Provided data:
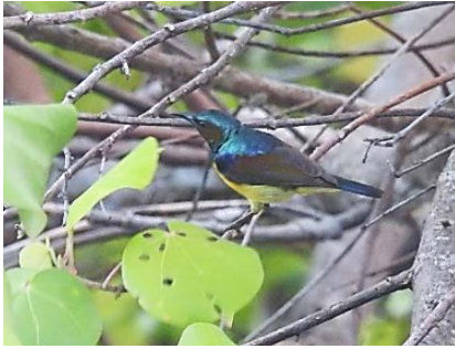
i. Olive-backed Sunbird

...

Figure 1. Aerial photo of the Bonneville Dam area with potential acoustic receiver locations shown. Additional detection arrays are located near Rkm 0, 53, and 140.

---

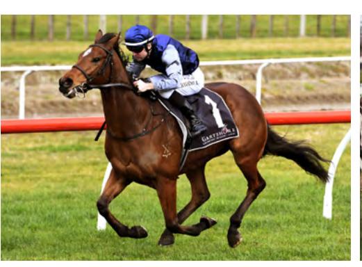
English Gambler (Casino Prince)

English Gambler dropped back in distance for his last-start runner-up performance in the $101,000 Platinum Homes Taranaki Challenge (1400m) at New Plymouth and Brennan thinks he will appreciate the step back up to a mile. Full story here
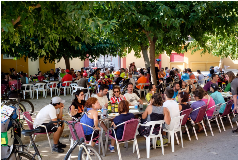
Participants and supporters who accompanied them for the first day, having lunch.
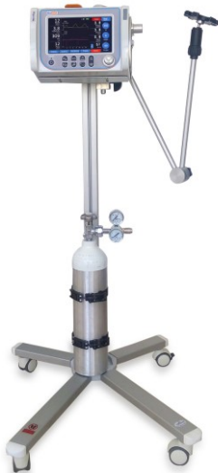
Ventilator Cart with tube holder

How to complete this task: Whenever the word "English" turns up in a line of the listing above, copy the line.

Problem solution:
English Gambler (Casino Prince)
English Gambler dropped back in distance for his last-start runner-up performance in the $101,000 Platinum Homes Taranaki Challenge (1400m) at New Plymouth and Brennan thinks he will appreciate the step back up to a mile. Full story here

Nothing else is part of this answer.